Saturday 14 May 2011

Mama Said Knock You Out

I thought we could start with parenting. I'm curious for your advice for new dads. Is there shit we should be doing that we don't know about?
Well, I don't know. My husband was really good about helping out. The problem was diapers. He never got past the poop. He would do these [gagging noise] Oh God, I'm gonna vomit. Never got over it.


That's a long road, man.
Four years. A loooong road.

I remember, the first time I saw my wife's breast pump, I thought, This is an alarming, medieval device.
Yeah, the thing's upsetting. I would try to pump milk while watching Entourage on demand. And that was the worst possible way to do it. Like, I had the pump on, and I'd hear Turtle on TV: Yo, E, you ever fuck a girl when she has her period? I just sat there thinking: Oooh, this is not how this is meant to be.

Louis C.K. has a classic line that it's completely okay to call your kid an asshole. What do you think?
I think that any person being an asshole deserves it. Especially toddlers—they're total d-bags. You gotta let them know.

You write about telling your daughter that people have "yellow" hair to fight the global blonde conspiracy. My son's blond. Is he superior, or do you have to be a girl for that magic to happen?
Oh, it still carries some weight. I think yeah. I wouldn't even bother with him—he'll be fine. What color are his eyes?

Blue.
Don't even teach him to read.

When the 30 Rock pilot aired, Tom Shales wrote that it needed "a better premise and funnier dialogue." Since you're shooting the one hundredth episode today, would you like to tell him to suck it on the record?
I'm pretty sure he did go back and suck it. But my memory is that the main problem with it was that I was such a terrible actor! Which I do not dispute—but now contend doesn't matter.

But Liz is in almost every scene!
She is the spine, yes. But I always feel like she's like Jerry Seinfeld on Seinfeld. You couldn't have done Seinfeld and hired some random guy to be Seinfeld. What he was bringing was very specific to him.

What was the darkest moment on the road to one hundred episodes? It was dicey for a while there.
You know, I just watched an episode that, in my mind, is a pivotal one: "Black Tie," from season one, where Paul Reubens played an inbred Austrian prince.

Of course, I remember it.
It was very, very weird.

Jenna ends up with him at the end, right?
And then he dies. It was the last episode that we shot before we were supposed to get our pickup. When we were on-set, we were joking that the episode was called "Black Tie" but should be called "Good-bye America!" We weren't trying to be weird, you know. We wanted people to like the show—we just didn't know how to do it. We were just like, "This? Do you like this? Do you like inbred Austrians? No? You don't?" That was the one where we were like, "Maybe we should start looking for what props we're going to keep from this endeavor."
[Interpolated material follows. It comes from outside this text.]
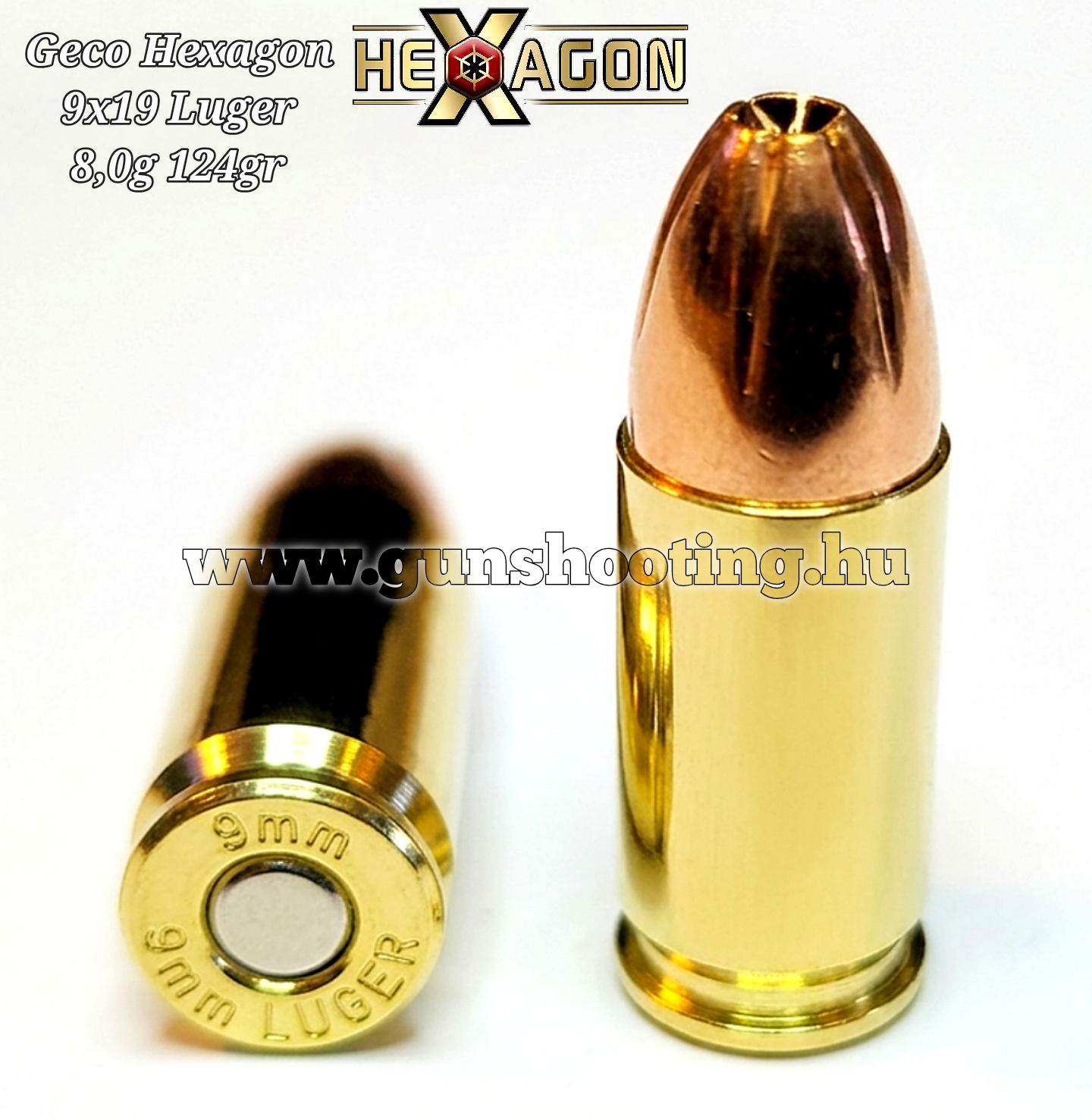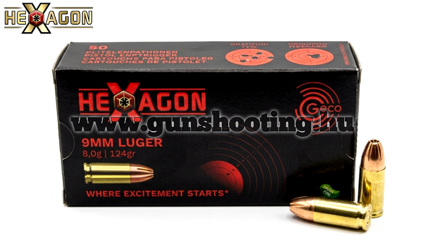 Geco 9mm Luger Hexagon 8g 124gr KÉSZLETEN VAN! Üzletünkben megvásárolható! Árakkal és egyéb információkkal kapcsolatban, személyesen üzletünkben érdeklődjön!

I'm curious. Do you think Liz is ugly? Because there are all these jokes about her being unattractive, and I just don't see it.
It's never that she's ugly—I mean, she is sometimes slovenly. But for me, it's always been kind of the opposite of what people have said about her. It's about how other men see her, and has nothing to do with how she really is. When Jack is like, "Ugh, you're a mess," it's because of what his brain wants a woman to be. It has nothing to do with the physical symmetry of her size or anything. So no, she's not ugly. She's kind of sloppy. But all the clothes that Liz Lemon wears are much nicer than what I would wear on a writing-hiatus week.

Lady blogs like Jezebel exploded after the episode with the Liz-hires-a-feminist-comic thing. It sure seemed like you were commenting on the outrage when Olivia Munn—hot lady, not necessarily hot comic—was hired on The Daily Show.
I was actually really pleased that Jezebel got that it was about the whole Olivia thing, because the treatment of Olivia was weird on that site. She just kept getting reamed! And it was this weird mix. They would go after her, and then the next thing would be like, "Defending the Rights of Sex Workers." And I was just like, "Well, why can't we just say Olivia's a sex worker? Leave her alone!"

You've claimed publicly that the key to comedy is a staffing mix of Harvard people and Chicago improv people. What's the alchemy there?
It's Spock and Kirk. One's visceral and the other's cerebral. They're asocial, but they mix together nicely.